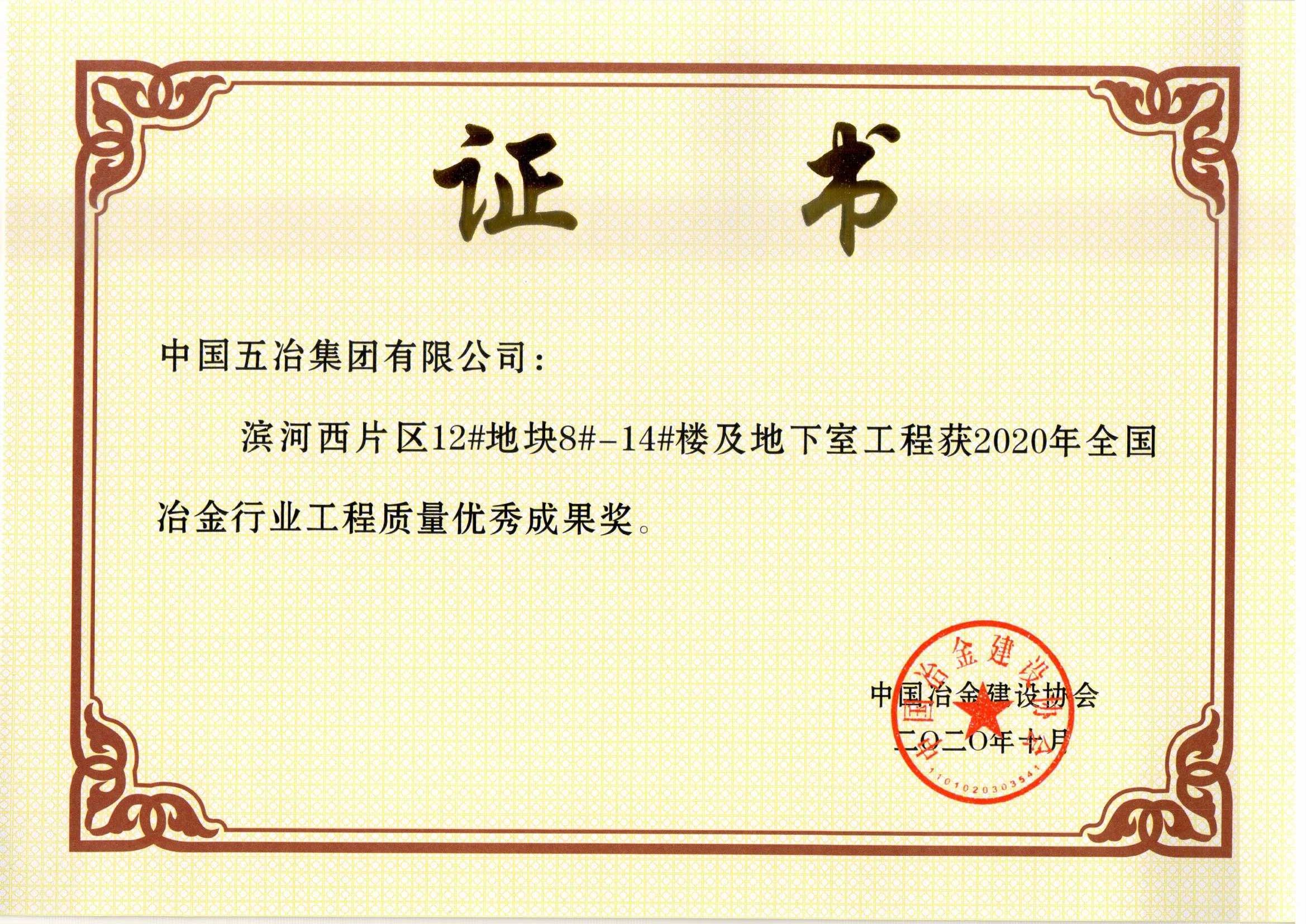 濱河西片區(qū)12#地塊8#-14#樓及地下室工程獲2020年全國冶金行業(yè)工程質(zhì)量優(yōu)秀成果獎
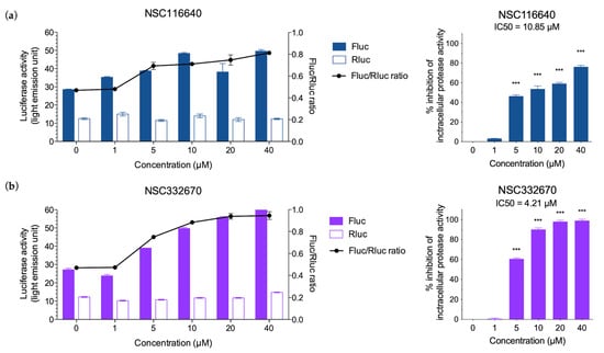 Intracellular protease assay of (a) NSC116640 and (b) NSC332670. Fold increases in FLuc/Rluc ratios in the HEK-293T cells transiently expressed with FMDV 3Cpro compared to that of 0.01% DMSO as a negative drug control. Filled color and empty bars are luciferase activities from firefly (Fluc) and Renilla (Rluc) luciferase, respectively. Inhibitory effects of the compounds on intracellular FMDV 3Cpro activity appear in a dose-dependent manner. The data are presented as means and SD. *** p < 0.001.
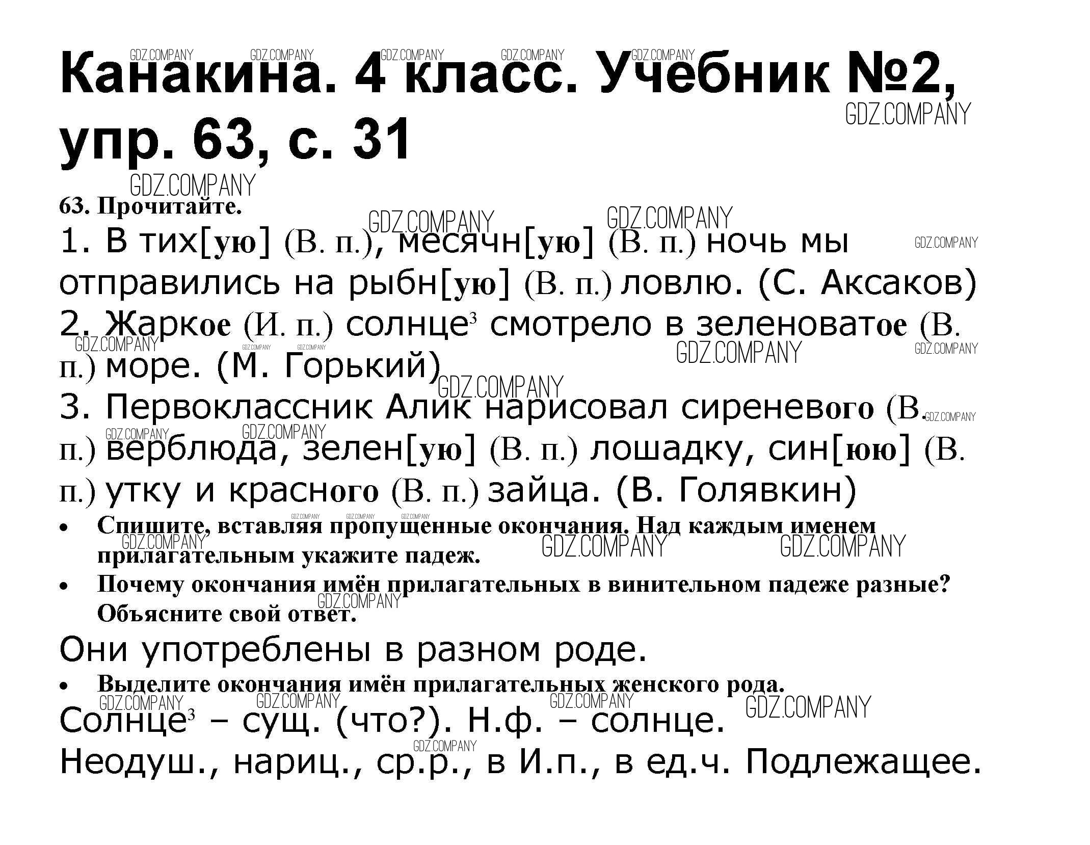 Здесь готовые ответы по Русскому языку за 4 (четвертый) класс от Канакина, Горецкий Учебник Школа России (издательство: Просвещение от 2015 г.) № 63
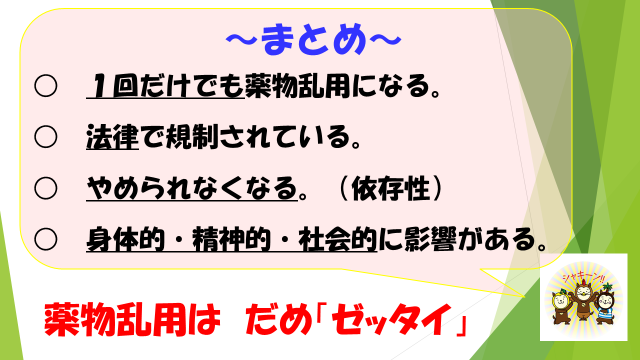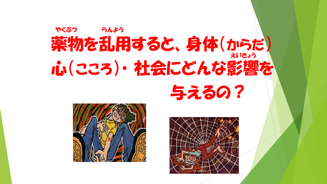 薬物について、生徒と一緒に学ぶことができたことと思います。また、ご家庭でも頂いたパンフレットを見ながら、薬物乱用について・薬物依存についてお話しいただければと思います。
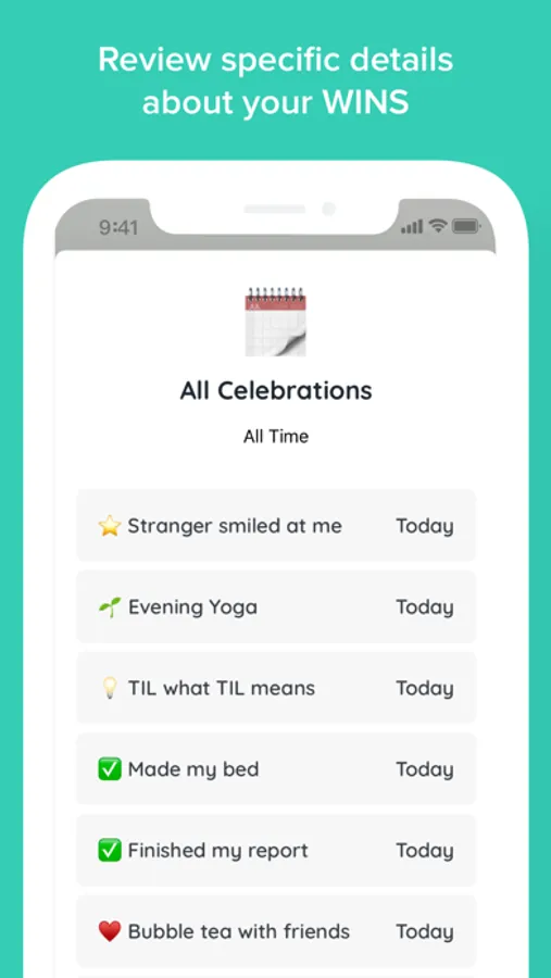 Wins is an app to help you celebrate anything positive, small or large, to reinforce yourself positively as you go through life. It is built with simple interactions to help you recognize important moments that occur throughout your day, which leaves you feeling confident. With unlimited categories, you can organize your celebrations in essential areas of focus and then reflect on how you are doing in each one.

#####

Excluding any pictures, print exactly the lines of the listing above from the line with "Здесь готовые ответы" to the line with "薬物について、生徒と一緒に学", both ends included.

 Здесь готовые ответы по Русскому языку за 4 (четвертый) класс от Канакина, Горецкий Учебник Школа России (издательство: Просвещение от 2015 г.) № 63
 薬物について、生徒と一緒に学ぶことができたことと思います。また、ご家庭でも頂いたパンフレットを見ながら、薬物乱用について・薬物依存についてお話しいただければと思います。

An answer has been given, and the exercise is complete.